Public investment that fails to translate into productivity is not neutral. It adds fiscal exposure while crowding out private capital and delaying the accumulation of growth-generating assets. The gap between what was spent and what functions is not a secondary inefficiency. It is the central constraint on Albania’s growth model.

What the neighbors built
Kosovo, operating on a budget 2.2 times smaller than Albania’s, allocated 26% of its 2025 spending — approximately €930 million — to capital investment and has closed its motorway connections with Albania and North Macedonia. North Macedonia, with a total budget nearly 20% below Albania’s, contracted Bechtel Enka for Corridors 8 and 10 and is in active construction at internationally competitive rates. Serbia, spending roughly 7% of GDP on public investment, is building high-speed rail. These countries face their own governance failures. But the infrastructure exists.

The engine and the exodus
What makes this fiscal model structurally precarious is the nature of the base it now rests on. The people paying for Albanian public finances through their labor taxes are the same people most likely to leave — and at the precise income and skill level where their departure has the largest fiscal consequence.

Albania has lost approximately 40% of its educated workforce to emigration, according to the EBRD’s 2025 Transition Report. Nearly 100,000 Albanians emigrated to the EU in the past two years alone. The Westminster Foundation for Democracy has estimated that each departure of a working-age Albanian costs the economy approximately €14,000 in foregone human capital — implying an annual loss equivalent to roughly 5–6% of GDP.

The pension arithmetic compounds this exposure. Only 46% of the working-age population currently contributes to pensions. By 2060, up to 34% of Albanians could be above retirement age. Pensions already absorb 25% of total budget expenditure — over €2 billion annually. Early childhood education, the one investment that would begin to close this demographic gap from the other end, receives 0.08% of GDP, ten times below the OECD average.

The IMF, in its December 2025 Article IV conclusion, projected positive primary balances through 2030 and described the growth outlook as robust.

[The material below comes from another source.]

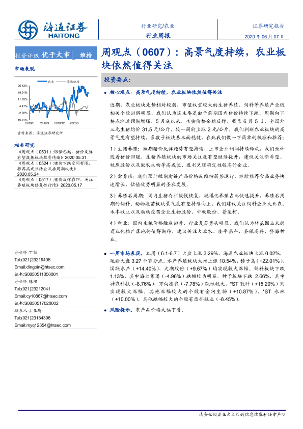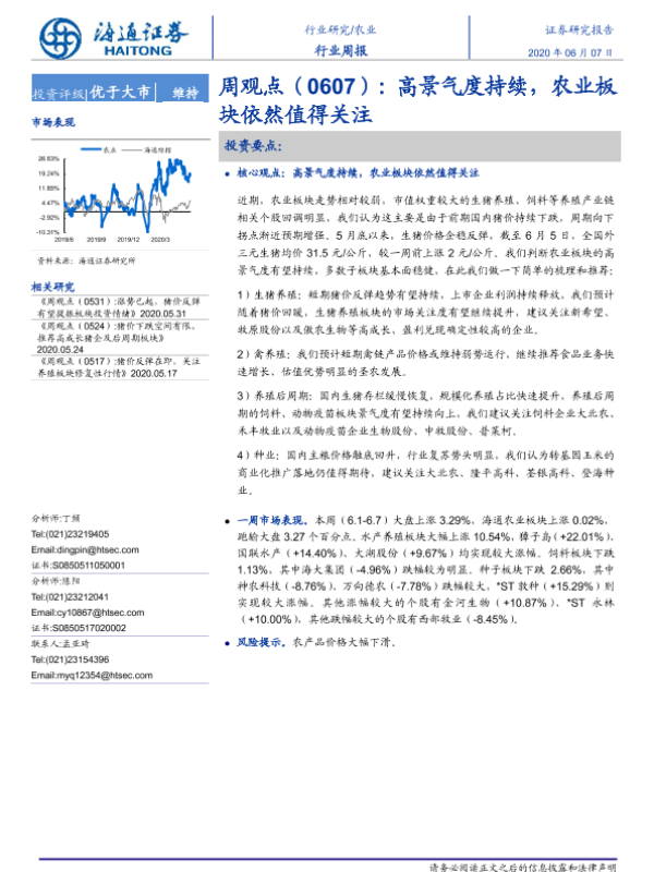 【海通证券】【20200607】20200607-海通证券-农业周观点:高景气度持续,农业板块依然值得关注-4页
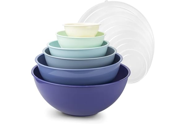 12 Piece Nesting Bowls Set includes 6 Prep Bowls and 6 Lids, Microwave Safe Mixing Bowl Set (Blue Ombre)

In the same document, it called for comprehensive productivity reforms and linked SPAK’s operational independence explicitly to macro-fiscal credibility. This is not a contradiction. It is a conditional forecast: a baseline that holds only if the reforms the IMF simultaneously identifies as missing are actually implemented.

The World Bank’s November review reached a starker conclusion: at the current pace, it could take nearly a generation for Albania to reach half the EU average income. That projection assumes a labor base that remains intact, an investment framework that improves, and an accession process that enforces discipline. All three are uncertain.

What is not uncertain is the record of the decade just closed: €10 billion spent, infrastructure priced at twice the regional rate, a fiscal engine now running on the wages of people who are leaving, and no structural decision yet taken that would change any of it.

The model did not drift into this outcome. It was built — and it has not yet been rebuilt.

 

Xhenis Kuçi is an economist and analyst with a background in accounting and public finance. She contributes to the Tirana Examiner on fiscal policy and public finance.